The first response seems to have been this post, which worked through the numbers and concluded that the household income in question was at least US$340,000 per year, and probably closer to US$450,000/year. Brad Delong linked to it, and then got called out, which resulted in a blog post for the ages. An excerpt (Brad has deleted names) Instead, Mr. Xxxx Xxxxxxxxx looks up. Of the 100 people richer than he is, fully ten have more than four times his income. And he knows of one person with 20 times his income. He knows who the really rich are, and they have ten times his income: They have not $450,000 a year. They have $4.5 million a year. And, to him, they are in a different world. And so he is sad. He and his wife deserve to be successful. And he knows people who are successful. But he is not one of them--widening income inequality over the past generation has excluded him from the rich who truly have money. And this makes him sad. And angry. And it turns out that Mr XXXX has a predecessor, from the turn of the last century. Paul Krugman got in on the act, with a couple of blog posts. And the whole thing is usefully contrasted with a link to John Scalzi's Being poor is... post. I looked it up - I'm damn near in the top 10% of income in Australia, and I don't feel rich. I needed the reality check.

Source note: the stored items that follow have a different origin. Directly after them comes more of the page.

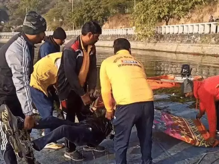 उदयपुर । फतहसागर झील में 18 साल युवक ने कूदकर सुसाइड कर लिया। सूचना पर सिविल डिफेंस की टीम मौके पर पहुंची। रेस्क्यू ऑपरेशन शुरू किया। करीब 2 घंटे की मशक्कत के बाद बुधवार सुबह शव को ढूंढकर बाहर निकाला और अंबामाता थाना पुलिस को सुपुर्द किया। इस दौरान मौके पर परिजन भी पहुंचे। जिनका रो-रोकर बुरा हाल था। पुलिस ने शव एमबी हॉस्पिटल मॉर्च्युरी शिफ्ट कराया। जहां पोस्टमॉर्टम कर परिजनों को शव सुपुर्द किया जाएगा। पुलिस ने बताया- मृतक की पहचान भारत खारोल (18) पुत्र चंद्र खारोल के रूप में हुई है। सुसाइड करने के कारणों का खुलासा नहीं हुआ है। पुलिस इसकी जांच में जुटी है। पुलिस ने बताया कि मंगलवार रात 8 बजे से मृतक युवक अपने घर पर मोबाइल छोड़कर निकला था। देर रात करीब 10:30 बजे राहगीरों ने उसे सौर वेधशाला वाली जेटी के पास से झील में छलांग लगाते हुए देखा था। उन्होंने पुलिस को सूचना दी। पुलिस मौके पर पहुंची और सिविल डिफेंस की टीम को भी बुलाया गया। लेकिन देर रात अंधेरा ज्यादा होने से रेस्क्यू नहीं किया गया। बुधवार सुबह रेस्क्यू ऑपरेशन चलाकर शव की तलाश की और 2 घंटे की मशक्कत के बाद बाहर निकाला। रेस्क्यू टीम में गोताखोर विजय नकवाल, भवानी शंकर विपुल चौधरी, बनेसिंह गुर्जर आदि शामिल थे।
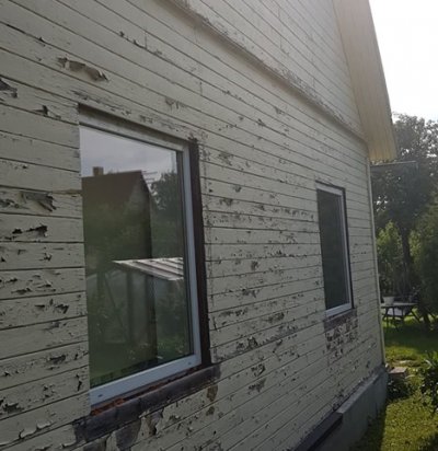 Maja fassaadi laudiseosa korrastus ja värvimine.
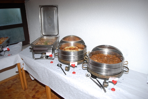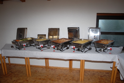 Um 10 nach sieben, hab ich dann jemand mit einem I-Phone gesucht, damit ich mir die Nummer von Catering-Service rausuchen konnte. Ich hatte mir natürlich keine Notfall-Liste mit allen Telefonnummern gemacht. Bis ich die Nummer rausgesucht hatte, wurde mir gesagt, dass der Caterer da ist. Er prompt alles schnell aufgestellt und wir konnten das Buffet eröffnen.
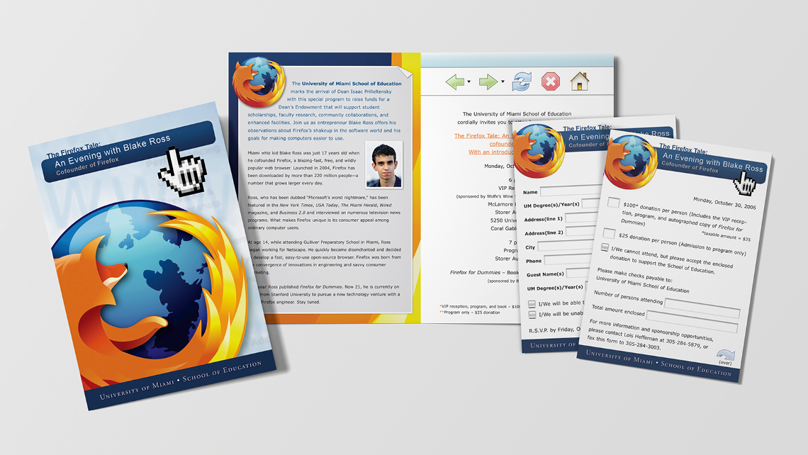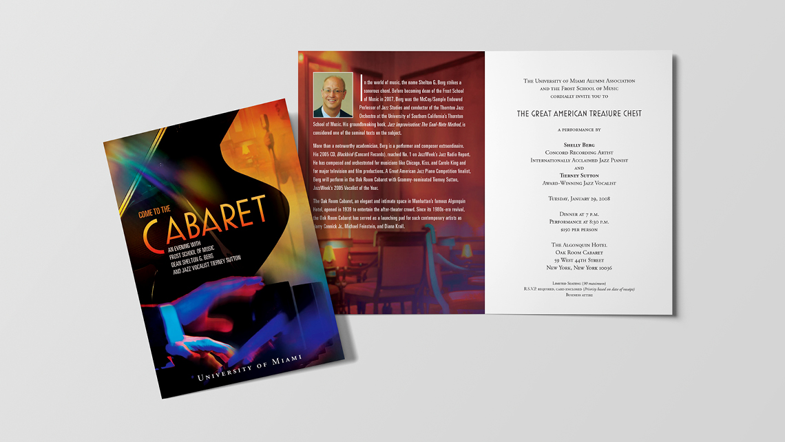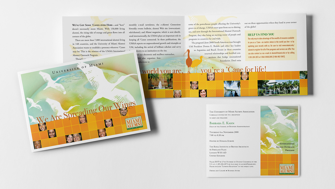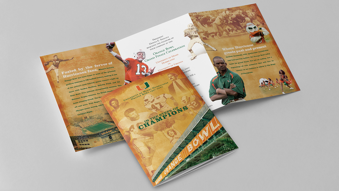 As a full-time art drector at the University of Miami, I had the opportunity to work on a number of special event print invitations including work for the Miami Hurricanes football team, the Office of the President, the Alumni Association, and various colleges and schools.

  • I'm trying to compare Australia to America here, and note that according to the 2006 census the average median income for the workforce of a Shire near Sydney was $43,052. One report said the median house price for what I think is this same area would be $448,000... So the value of a home over there is about 10 times the median income... Well, let's take a modest upper 25% median income of $80,000 a year in America. If housing were as inflated as in Australia, that would translate into having to pay $800,000 for a median value home. <:(O) EEK! Looking at New Jersey in Bergen County, a suburban area smack up against the richness of New York City, even there $500,000 is the median price. Nearer Philadelphia the median home price is about $200,000. Currency issues aside, Australians must carry even more debt than Americans! And Americans carry huge debt, not even counting their overly leveraged government... Could it be that debt is more evil than taxes?
  • My sweet lawd! That would get my husband and I totally out of debt, pay off the house and finish the remodeling, give us some sweet investments and make it so I don't stay up at night worrying about not having a job. Adjust your freakin' expectations people. I KNOW damn well you don't work any harder than we do.
  • Actually - didn't put it in the original post but I think my favourite comment is this one...the books, oh my yes.
  • And Dan - there is definitely a housing bubble here in Australia at the moment. It's scary.
  • "It's like a gilded cage," he says. Would you like some cheese with that whine, sir?